Is it Europe’s turn for tariffs? Washington does not want a trade war with the EU, but whether there is an escalation or not will depend on the bloc, U.S. Commerce Secretary Wilbur Ross told Le Figaro. The U.S. today will likely announce import tariffs on steel and aluminum originating from the EU, as well as issue a decision on Mexico and Canada, either before markets open or after the markets close.
*Source: Seeking Alpha
The market continues to shrug off “less-than-good” news. That indicates to me that we are still looking for strong indicators to the upside.
Let’s consider Constellation Brands, Inc. (ticker: STZ)
The VantagePoint platform recently indicated a potential continuation of upside momentum.
Using the predictive indicators embedded within the VantagePoint platform and its predictive AI technology, we will point out three significant things. We have a bullish crossover indicated by the blue predictive indicator line crossing above the black simple moving average between 5/25/18 and 5/29/18. We can combine that with the VantagePoint propriety neural index indicator moving from the RED to the GREEN position on 5/24/18. This indicator measures strength and weakness for a 48-hour period, in this case strength. The move to the GREEN position further makes the case for a potential bullish scenario. Additionally, we see that the predicted high and low for today’s range is above the actual high and low from yesterday’s session. I want to play the VP bullish indication.

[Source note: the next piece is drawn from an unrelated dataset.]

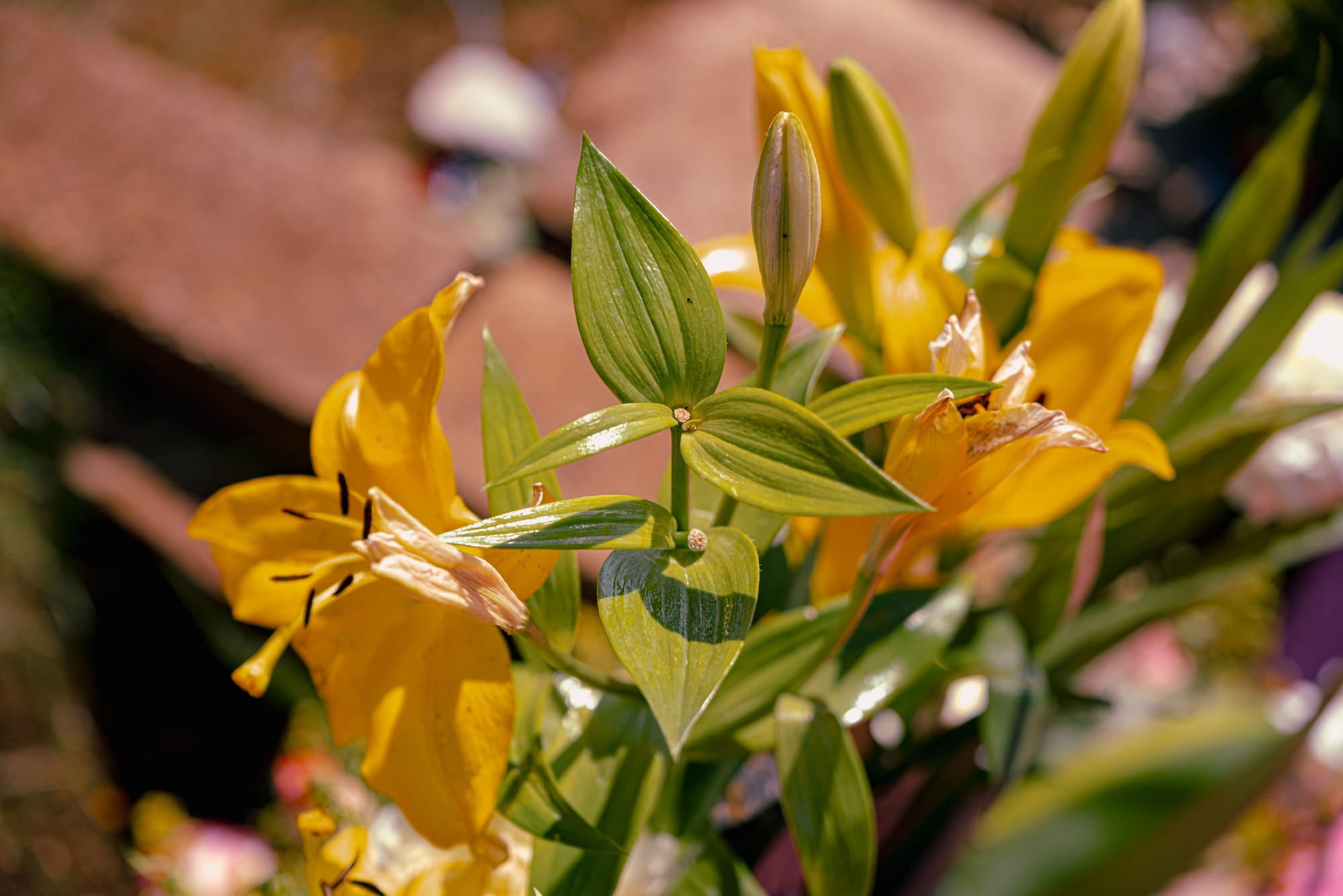 Flowers across the cemetery hillside

For active traders with a shorter investment time horizon, you can consider a setup utilizing options. Given the market conditions outlined above, taking an active, premium debit approach may be the best path to success.
Because of the reasons given above, the purchase of a debit call spread may be one way to approach this situation. You want first calculate your target strike. In order to do this, you need three pieces of information: last trade price, expiration date and implied volatility for that expiration date. This calculation for STZ yields a target strike of approximately $230.00. You may want to consider the June 227.5/230 call spread, paying $0.55. The maximum risk is the amount of premium you pay and the maximum reward is the width of the spread less any premium paid. In this case, maximum risk is $0.55 and maximum risk is $1.95. This gives you a reward to risk ratio of 3.55:1.
Given the trading and market environment outlined above, a trader must evaluate whether this reward/risk ratio is appropriate for his/her risk tolerance.